[Items from a dataset]
-------------------------

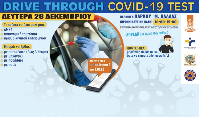 Ο Δήμος Βριλησσίων ενημερώνει ότι, τη Δευτέρα 28 Δεκεμβρίου 2020 και ώρα 10:00 – 15:00 θα πραγματοποιηθεί δωρεάν έλεγχος ταχείας ανίχνευσης κορωνοϊού (rapid covid-19 test), σε συνεργασία με τον Εθνικό Οργανισμό Δημόσιας…
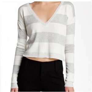 Alice & Olivia gray and white Striped Cropped V neck Sweater - Small. NWT
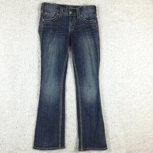 Silver Jeans Womens Suki Surplus Boot Cut Denim Blue Medium Wash Distressed 27
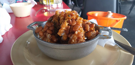 Its like been back in el barrio, comiendo en el patio bajo una lona, la musica y un gato buscando que dejes caer algo para comer. El mejor locrio de puerco que he comido, claro mejor que el mio no es. Las meseras son jovenes y no tienen un buen servicio al cliente pero es costumbre ya en restaurantes Dominicanos
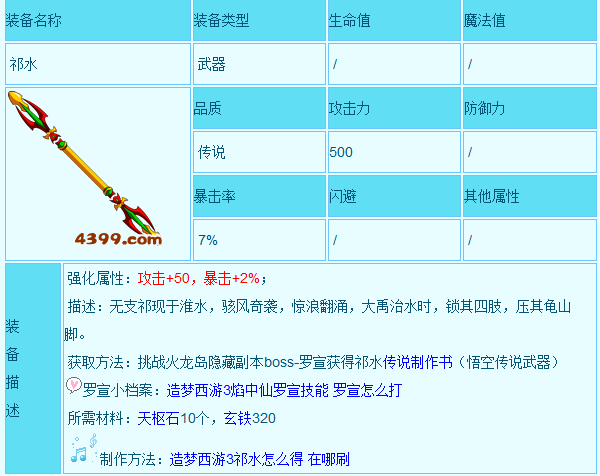 5、祁水 祁水是悟空目前最好的武器了,攻击,暴击都是最高的。初始属性:攻击500 暴击7% 强化属性 攻击+50 暴击+2% 总体来说祁水还是不错的 祁水是由祁水制作书打造的,祁水制作书由火龙岛隐藏副本——传说罗宣掉落。
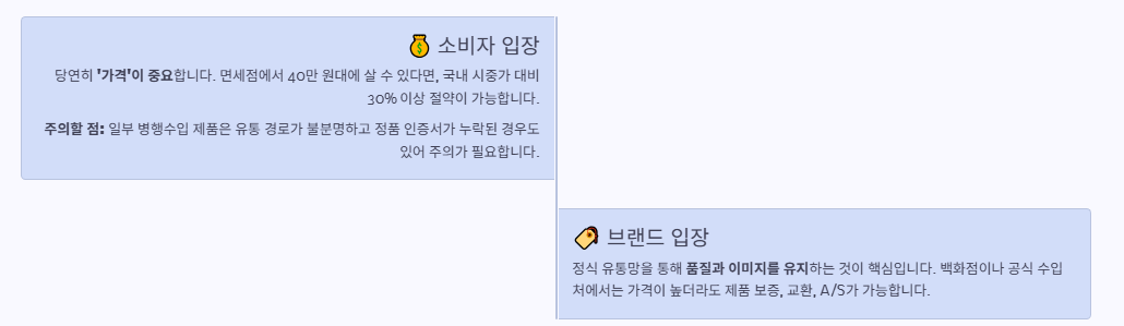 → 선물용이면 정식 유통, 개인용이면 면세점 추천

-------------------------

> _What the task asks_: Each line from the one containing "Silver Jeans Womens" through the last line above should be retyped exactly, and no other line. Any picture is to be left out.

> _Task result_:
 Silver Jeans Womens Suki Surplus Boot Cut Denim Blue Medium Wash Distressed 27
 Its like been back in el barrio, comiendo en el patio bajo una lona, la musica y un gato buscando que dejes caer algo para comer. El mejor locrio de puerco que he comido, claro mejor que el mio no es. Las meseras son jovenes y no tienen un buen servicio al cliente pero es costumbre ya en restaurantes Dominicanos
 5、祁水 祁水是悟空目前最好的武器了,攻击,暴击都是最高的。初始属性:攻击500 暴击7% 强化属性 攻击+50 暴击+2% 总体来说祁水还是不错的 祁水是由祁水制作书打造的,祁水制作书由火龙岛隐藏副本——传说罗宣掉落。
 → 선물용이면 정식 유통, 개인용이면 면세점 추천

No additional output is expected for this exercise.